The distributive property is a fundamental concept in algebra that helps simplify expressions and equations. It allows you to multiply a single term across terms inside parentheses.

In the equation given, \[8(x+3)=64\], we employ the distributive property in the first step to eliminate the parentheses. By multiplying 8 by each term inside \((x + 3)\), the expression becomes:

• \(8 \times x = 8x\)
• \(8 \times 3 = 24\)

These calculations transform the equation into: \[8x + 24 = 64\]This simplification makes it easier to continue solving the equation. Understanding and applying the distributive property efficiently can significantly enhance your ability to manipulate and solve algebraic expressions.

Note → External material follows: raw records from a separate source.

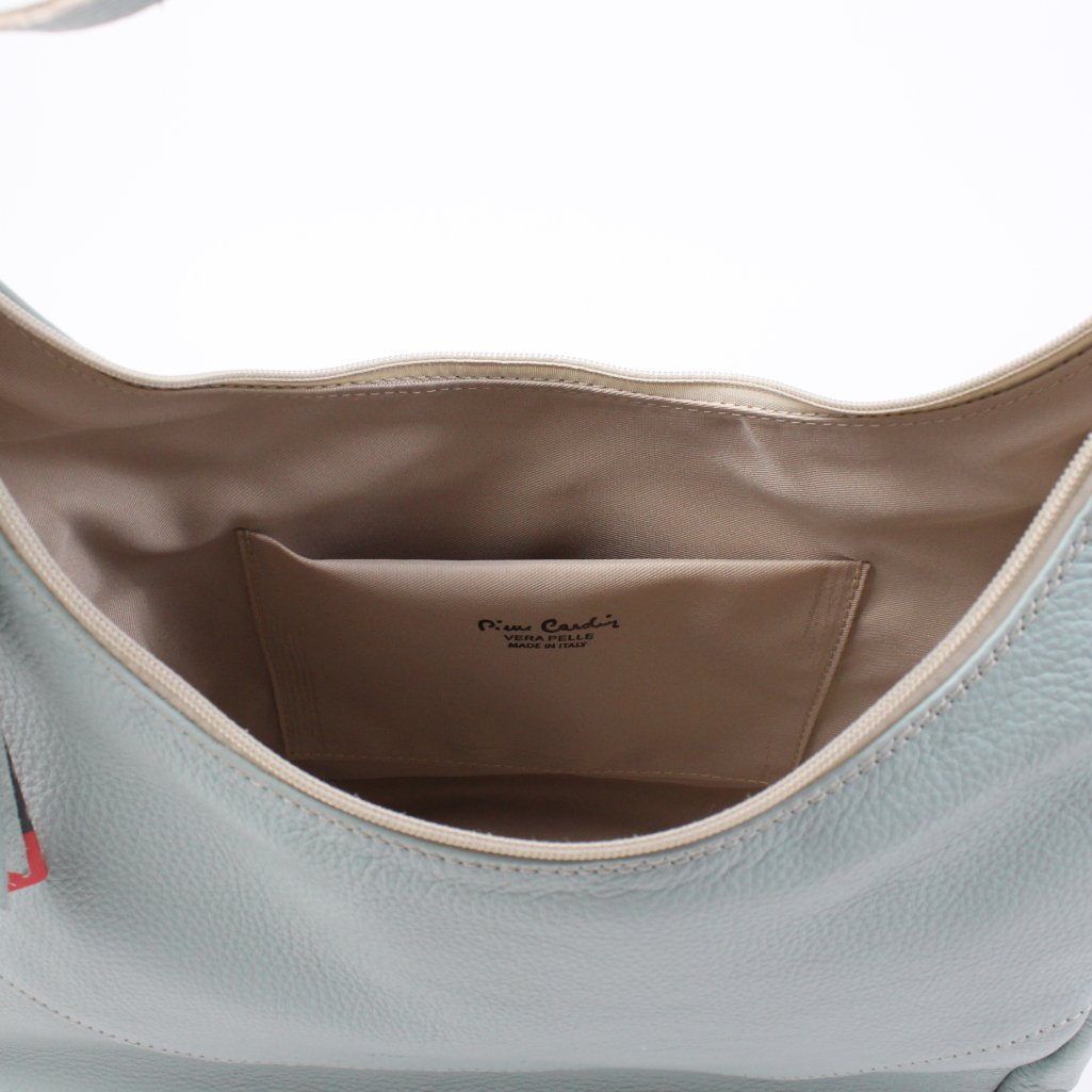 Borsa verde Pierre Cardin a spalla in vera pelle made in Italy. Accediamo al suo interno tramite cerniera dove troviamo un ampio scomparto con una tasca aperta. Elegante e raffinata in un delicato verde salvia, le spalline sono regolabili su 5 diverse lunghezze tramite le fibbie. Tutte le rifiniture metalliche sono in colore argento, perfetta per chi ama le borse capienti e non vuole rinunciare alla qualità, della vera pelle.
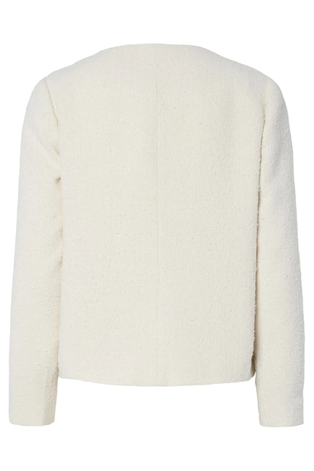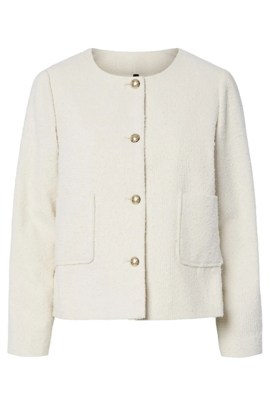 Kort jakke fra Pieces i en cremehvid farve. Den har rund hals, lange ærmer og en kort silhuet med knapper foran. To praktiske lommer på forsiden giver jakken et rent design.
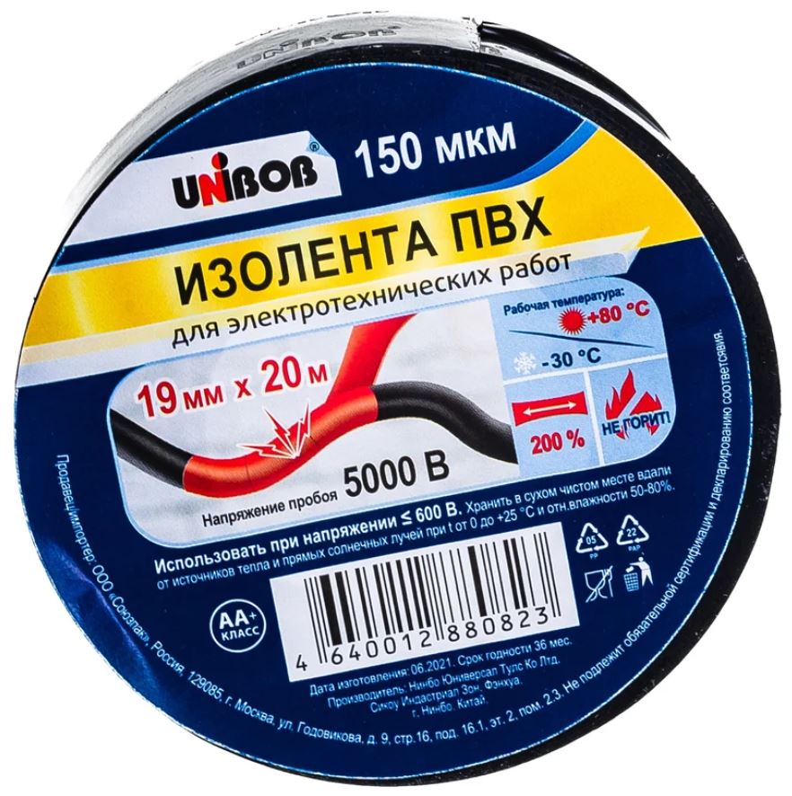 Изолента ПВХ 19/20 черная, 150мкм / UniBob
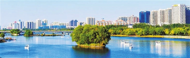 ⑧太原汾河通达桥至晋阳桥段水域长约2.5公里,水质达到Ⅲ类水以上标准。水清天蓝,美景如画。
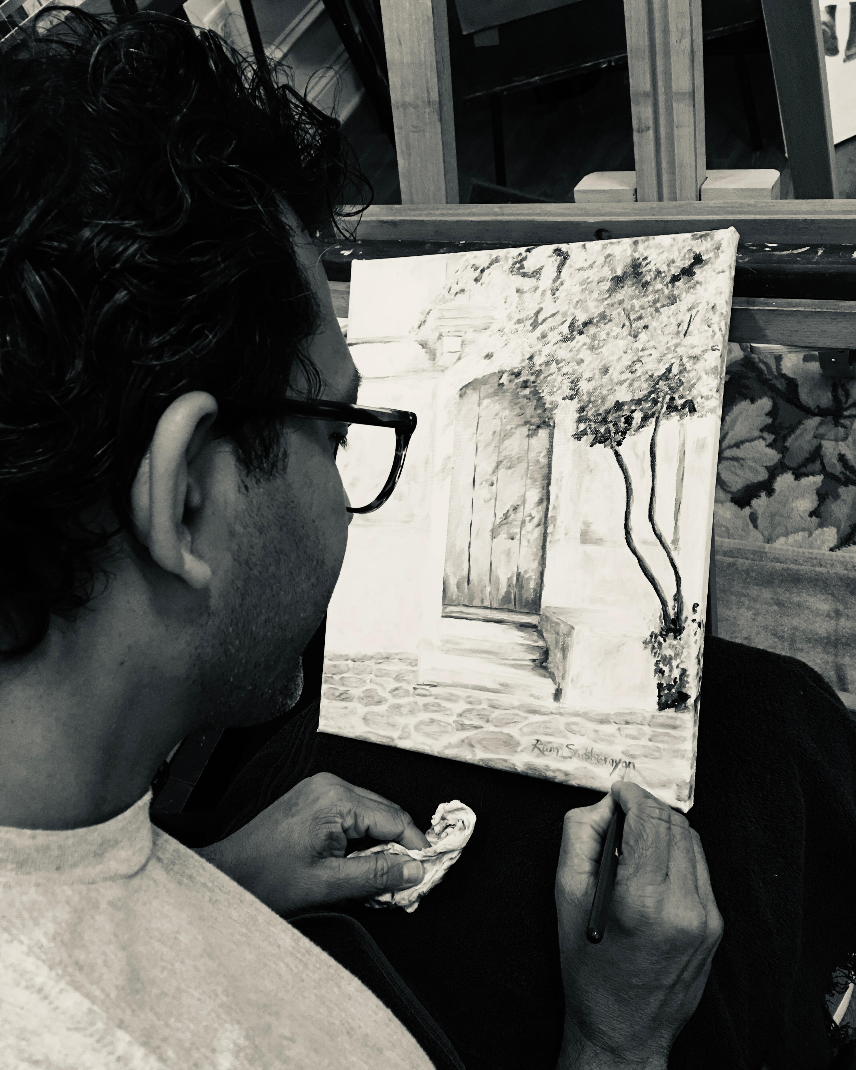 His work is inspired by the dramatic use of light and shadow seen in the works of Caravaggio and the Renaissance masters, including Michelangelo, as well as the expressive color and atmosphere of the Impressionists, particularly Claude Monet. Through his paintings, Ram explores quiet moments, architecture, and everyday scenes, seeking to capture the interplay of light, texture, and mood.

Equation solving in algebra involves finding the value of the variable that makes the equation true. It requires simplifying the equation step by step to isolate the variable.

From the equation \(8x + 24 = 64\), the goal is to transform it into a simpler form where the variable is on one side.

By identifying like terms and performing basic arithmetic operations, we move towards a solution.

• First, subtract 24 from both sides of the equation to maintain equality: \[8x + 24 - 24 = 64 - 24\]
• This simplifies to: \[8x = 40\]

Each operation brings us closer to the simplest form possible. The key to successful equation solving lies in understanding the balance and keeping the equation equal on both sides throughout this process.

Variable isolation is the final goal in solving algebraic equations. It involves leaving the variable on one side and having a number or simplified expression on the other.

After distributing and simplifying, the equation \(8x = 40\) is ready for variable isolation.

To isolate \(x\), we divide both sides by 8, which is the coefficient of \(x\):

• \[\frac{8x}{8} = \frac{40}{8}\]

This operation simplifies the equation to \(x = 5\). At this stage, the value of the variable \(x\) is found.

Remember, the aim is to express \(x\) purely in terms of numbers, and doing so confirms that \(x = 5\) satisfies the original equation. Properly isolating variables is crucial as it reflects the solution to the problem in its simplest form.